The other day I was getting ready for an event and I got a text from our art director, Gayle.
“Look what I found at the Dollar Tree. What do you think of these covers?”
“OMG!” I replied. “I was just talking about Judy Blume the other day. I want them!”

And then I realized that she had asked me a question about the book design.
“I love the bold colors and the spines, but the use of texts on the front of ‘Are You There God?’ is disturbing.”
“Probably a choice to appeal to today’s tweens,” Gayle answered.
(And the new movie, I bet.)
So, I did what any normal, Judy Blume-loving bibliophile would do. I went to my local Dollar Tree.
My Dollar Tree was a disaster compared to the neat shelves in Gayle’s photos.
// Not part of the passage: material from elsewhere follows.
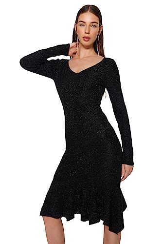 Trendyol FeMan sjöjungfru smal passform stickad klänning, svart, M, Svart, M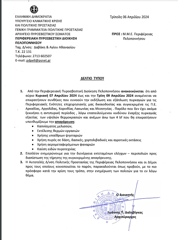 Λάβαμε από το Εθελοντικό Πυροσβεστικό Κλιμάκιο Ύδρας και δημοσιεύουμε δελτίο τύπου από το Υπουργείο Προστασίας του Πολίτη, Αρχηγείο Πυροσβεστικού Σώματος, σχετικά με τις συνθήκες που ευνοούν την εκδήλωση και εξάπλωση πυρκαγιών εξαιτίας των υψηλών θερμοκρασιών και ανέμων άνω των 4bf που θα επικρατήσουν από την Κυριακή 7 Απριλίου έως και την Τρίτη 9 Απριλίου και την απαγόρευση ορισμένων δραστηριοτήτων όπως περιγράφονται παρακάτω:

I found two of the books, Deenie and Then Again, Maybe I Won’t. I bought them–using a six-year-old gift card our editor and poet Nancy Scott had found in her closet.

That got me thinking. Were these abridged? A search of the books online proved they are not. But they are old. Like, older than me old. Then Again came out in 1971 and Deenie followed in 1973. Each book has had more than 70 printings.
So now Judy Blume is in the Dollar Tree with Nancy Drew and The Hardy Boys. Is this because they are out of date? Or so much a household name?
I think it’s cool. Sure, these books are pretty basic and printed on cheap paper but if they expose some child to reading, and deliver a message on top of it, that’s great. Because at $1.25, children have access to the greatest books of the earlier generations.